MATERIAL FOR THE TASK below:
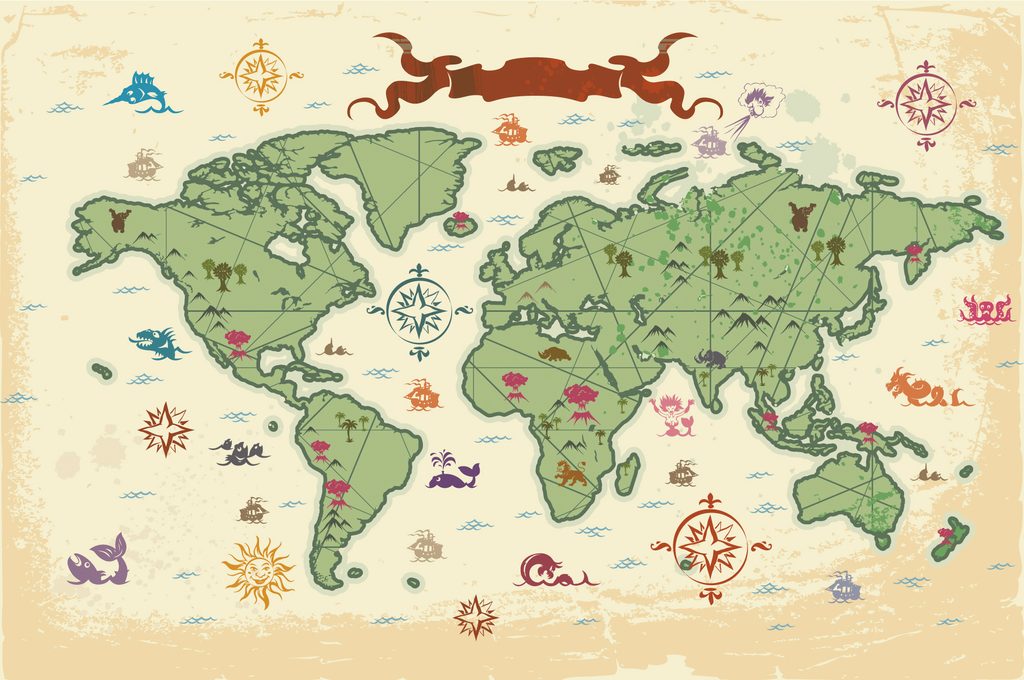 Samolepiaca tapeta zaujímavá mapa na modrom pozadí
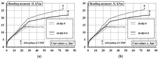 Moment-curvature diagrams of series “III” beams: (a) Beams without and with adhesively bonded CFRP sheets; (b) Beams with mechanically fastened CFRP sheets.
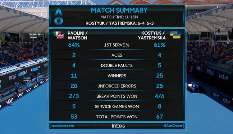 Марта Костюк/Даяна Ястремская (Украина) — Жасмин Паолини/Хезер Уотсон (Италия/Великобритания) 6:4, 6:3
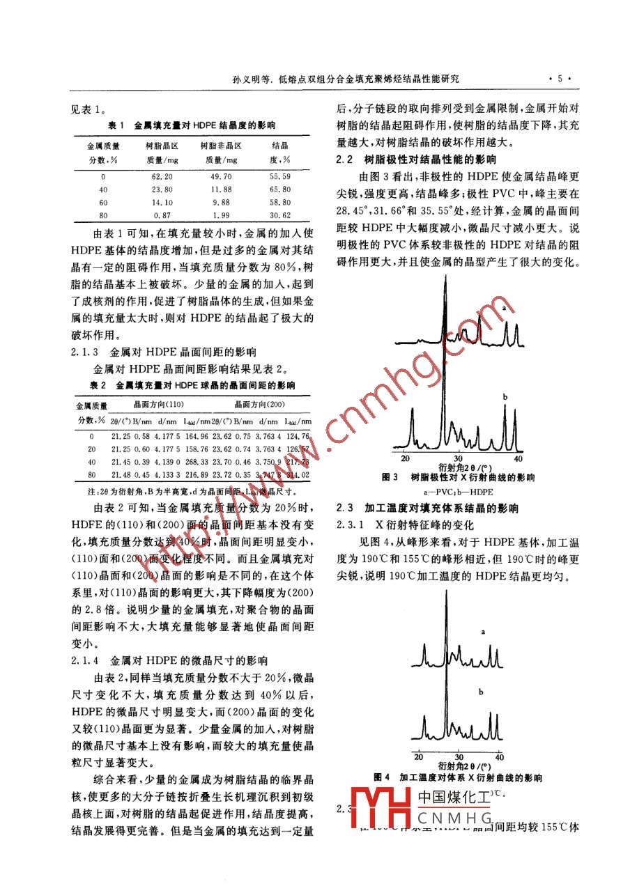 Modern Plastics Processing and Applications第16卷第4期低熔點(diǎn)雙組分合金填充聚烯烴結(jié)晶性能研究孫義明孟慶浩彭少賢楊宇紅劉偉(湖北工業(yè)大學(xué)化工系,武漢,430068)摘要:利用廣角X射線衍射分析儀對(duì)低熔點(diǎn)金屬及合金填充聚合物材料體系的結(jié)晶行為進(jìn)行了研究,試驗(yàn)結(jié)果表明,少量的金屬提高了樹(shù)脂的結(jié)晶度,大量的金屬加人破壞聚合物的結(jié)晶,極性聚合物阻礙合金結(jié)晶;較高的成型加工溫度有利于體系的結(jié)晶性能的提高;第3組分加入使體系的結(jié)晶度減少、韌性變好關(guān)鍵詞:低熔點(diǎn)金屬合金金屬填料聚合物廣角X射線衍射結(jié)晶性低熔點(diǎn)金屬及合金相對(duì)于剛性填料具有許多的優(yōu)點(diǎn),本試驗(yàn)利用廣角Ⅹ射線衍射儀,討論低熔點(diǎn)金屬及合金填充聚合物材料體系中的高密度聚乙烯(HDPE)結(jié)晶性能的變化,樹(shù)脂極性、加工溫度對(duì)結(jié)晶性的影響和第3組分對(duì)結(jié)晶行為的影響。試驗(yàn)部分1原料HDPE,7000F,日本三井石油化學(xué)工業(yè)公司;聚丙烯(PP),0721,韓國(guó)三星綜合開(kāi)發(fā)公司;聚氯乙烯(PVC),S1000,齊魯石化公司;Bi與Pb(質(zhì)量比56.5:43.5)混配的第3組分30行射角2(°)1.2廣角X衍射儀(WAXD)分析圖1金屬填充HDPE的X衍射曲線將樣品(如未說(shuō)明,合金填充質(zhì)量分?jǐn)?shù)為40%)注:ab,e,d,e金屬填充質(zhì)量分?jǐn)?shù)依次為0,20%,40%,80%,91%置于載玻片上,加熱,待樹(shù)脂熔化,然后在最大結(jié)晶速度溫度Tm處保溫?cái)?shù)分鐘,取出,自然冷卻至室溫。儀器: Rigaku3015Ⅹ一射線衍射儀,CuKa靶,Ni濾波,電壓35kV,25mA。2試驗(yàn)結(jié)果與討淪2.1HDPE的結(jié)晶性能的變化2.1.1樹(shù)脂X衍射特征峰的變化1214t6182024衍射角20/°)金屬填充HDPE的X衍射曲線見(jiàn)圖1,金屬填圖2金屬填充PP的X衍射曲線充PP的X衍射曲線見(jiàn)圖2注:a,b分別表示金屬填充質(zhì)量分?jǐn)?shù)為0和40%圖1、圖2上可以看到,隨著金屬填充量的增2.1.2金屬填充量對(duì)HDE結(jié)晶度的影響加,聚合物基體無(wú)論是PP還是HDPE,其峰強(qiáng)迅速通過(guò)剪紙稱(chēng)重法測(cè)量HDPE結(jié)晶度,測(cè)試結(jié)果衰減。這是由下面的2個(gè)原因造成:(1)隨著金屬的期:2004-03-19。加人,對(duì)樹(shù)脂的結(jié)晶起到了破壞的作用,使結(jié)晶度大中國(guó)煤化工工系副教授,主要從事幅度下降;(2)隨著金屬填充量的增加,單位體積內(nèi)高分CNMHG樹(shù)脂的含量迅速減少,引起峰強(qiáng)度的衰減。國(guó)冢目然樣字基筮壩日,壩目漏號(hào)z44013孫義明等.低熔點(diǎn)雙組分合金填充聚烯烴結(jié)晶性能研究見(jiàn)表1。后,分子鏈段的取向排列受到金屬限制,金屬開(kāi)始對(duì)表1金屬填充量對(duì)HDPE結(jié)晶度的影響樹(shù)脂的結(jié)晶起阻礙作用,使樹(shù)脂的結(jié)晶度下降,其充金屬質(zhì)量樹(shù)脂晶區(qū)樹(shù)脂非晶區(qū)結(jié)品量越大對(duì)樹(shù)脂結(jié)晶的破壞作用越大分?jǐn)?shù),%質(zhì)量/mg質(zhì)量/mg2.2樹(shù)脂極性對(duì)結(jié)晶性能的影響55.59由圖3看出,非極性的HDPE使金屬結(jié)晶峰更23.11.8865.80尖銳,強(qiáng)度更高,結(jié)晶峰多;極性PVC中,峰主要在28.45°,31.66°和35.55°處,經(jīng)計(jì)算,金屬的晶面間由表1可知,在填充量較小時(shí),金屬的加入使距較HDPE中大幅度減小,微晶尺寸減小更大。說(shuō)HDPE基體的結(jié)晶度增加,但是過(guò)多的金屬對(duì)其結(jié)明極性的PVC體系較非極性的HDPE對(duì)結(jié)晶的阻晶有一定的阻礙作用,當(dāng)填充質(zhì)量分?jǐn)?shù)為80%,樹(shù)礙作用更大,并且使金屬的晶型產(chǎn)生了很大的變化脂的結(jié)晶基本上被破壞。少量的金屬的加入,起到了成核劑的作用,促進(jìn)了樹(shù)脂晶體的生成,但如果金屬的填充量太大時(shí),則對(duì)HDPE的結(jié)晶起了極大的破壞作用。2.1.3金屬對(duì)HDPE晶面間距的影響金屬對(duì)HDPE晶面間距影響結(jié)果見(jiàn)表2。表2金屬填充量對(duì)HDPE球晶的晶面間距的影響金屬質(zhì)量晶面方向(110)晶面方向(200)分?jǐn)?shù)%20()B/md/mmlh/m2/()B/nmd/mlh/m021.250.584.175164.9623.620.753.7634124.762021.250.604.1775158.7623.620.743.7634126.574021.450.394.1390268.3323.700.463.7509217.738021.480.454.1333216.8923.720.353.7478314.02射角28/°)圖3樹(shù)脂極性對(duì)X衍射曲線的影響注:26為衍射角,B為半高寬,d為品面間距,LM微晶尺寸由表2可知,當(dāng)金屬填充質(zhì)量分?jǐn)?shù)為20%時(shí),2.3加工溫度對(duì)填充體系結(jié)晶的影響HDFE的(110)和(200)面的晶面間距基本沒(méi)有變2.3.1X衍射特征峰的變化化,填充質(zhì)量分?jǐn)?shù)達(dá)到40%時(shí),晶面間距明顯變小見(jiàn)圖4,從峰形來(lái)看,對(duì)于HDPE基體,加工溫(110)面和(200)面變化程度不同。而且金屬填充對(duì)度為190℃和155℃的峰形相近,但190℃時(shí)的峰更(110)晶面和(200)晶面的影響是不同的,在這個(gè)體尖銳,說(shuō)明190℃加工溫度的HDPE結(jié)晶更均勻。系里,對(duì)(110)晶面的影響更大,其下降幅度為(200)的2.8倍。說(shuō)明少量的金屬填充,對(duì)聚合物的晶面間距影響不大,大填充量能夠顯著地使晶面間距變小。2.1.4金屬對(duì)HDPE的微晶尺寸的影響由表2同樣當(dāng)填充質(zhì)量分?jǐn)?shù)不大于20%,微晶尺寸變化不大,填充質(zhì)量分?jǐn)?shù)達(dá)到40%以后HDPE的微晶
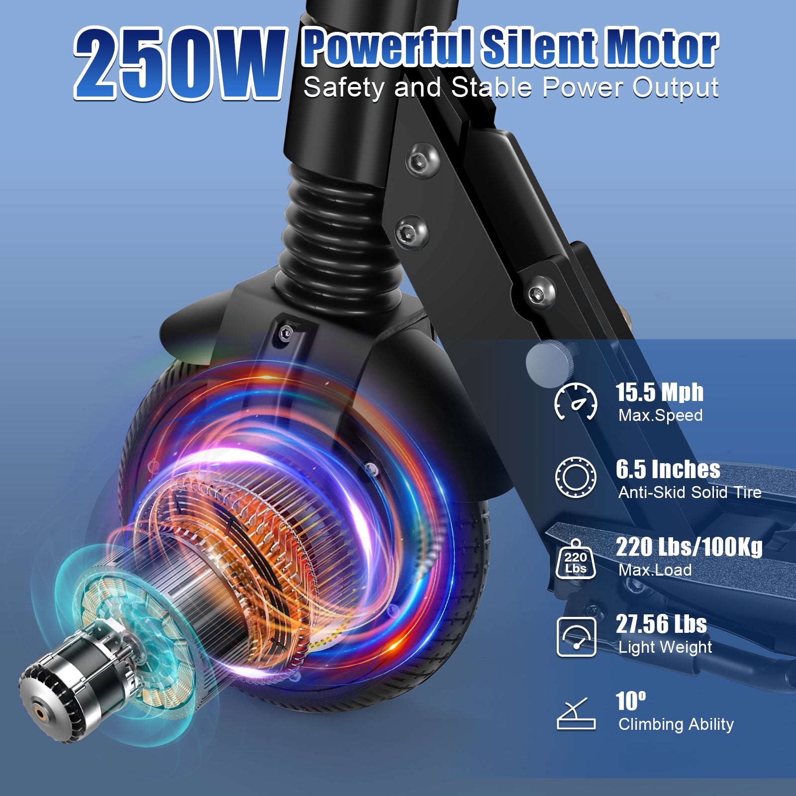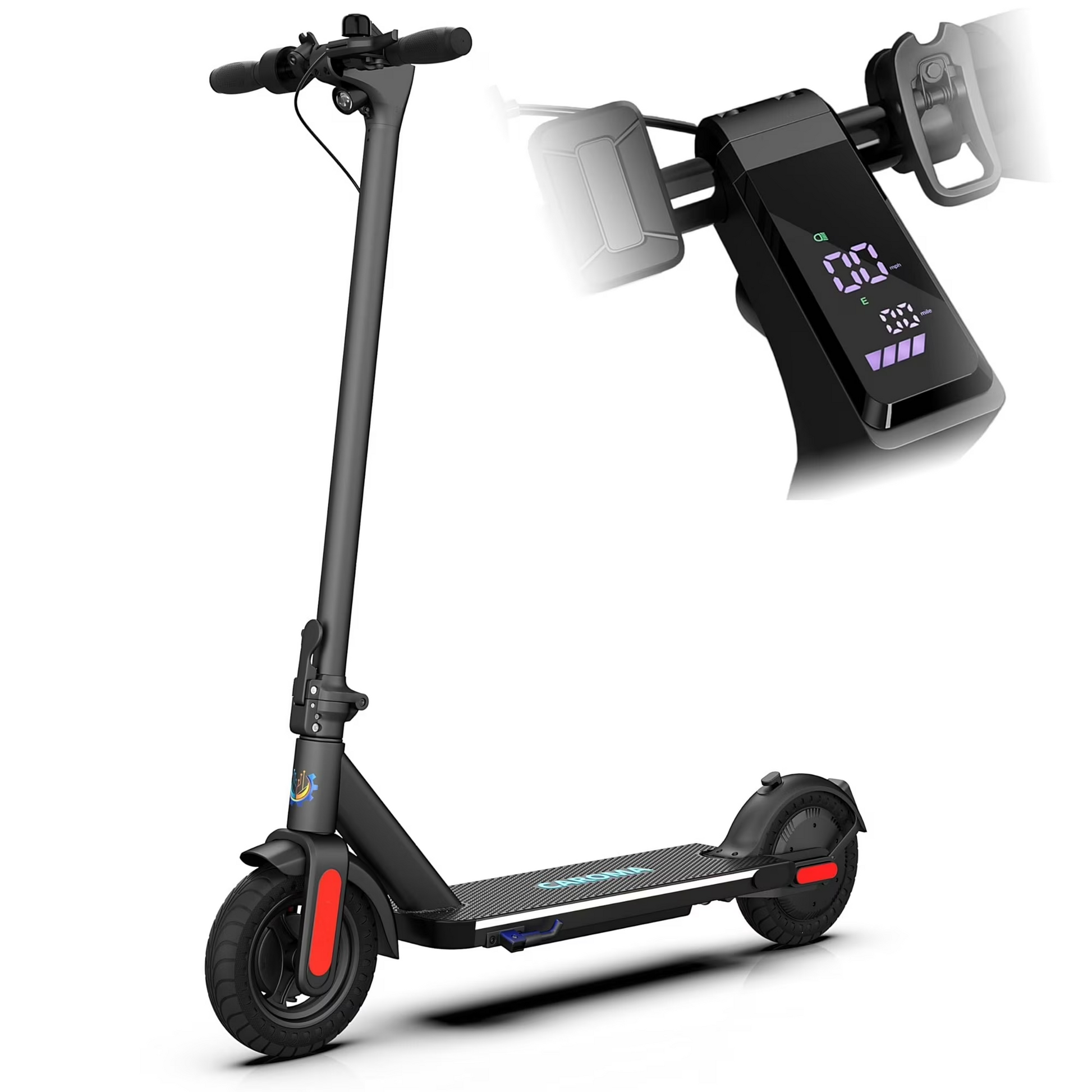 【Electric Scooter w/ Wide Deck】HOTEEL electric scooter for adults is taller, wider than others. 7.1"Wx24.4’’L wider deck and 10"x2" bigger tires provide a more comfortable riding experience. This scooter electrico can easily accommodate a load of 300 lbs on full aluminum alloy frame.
End of MATERIAL FOR THE TASK.
### WHAT IS BEING ASKED
All that is wanted is the lines above between the one containing "Moment-curvature diagrams of" and the one containing "Марта Костюк/Даяна Ястремская", inclusive, restated word for word, with pictures omitted.

### REPLY TO THE TASK
 Moment-curvature diagrams of series “III” beams: (a) Beams without and with adhesively bonded CFRP sheets; (b) Beams with mechanically fastened CFRP sheets.
 Марта Костюк/Даяна Ястремская (Украина) — Жасмин Паолини/Хезер Уотсон (Италия/Великобритания) 6:4, 6:3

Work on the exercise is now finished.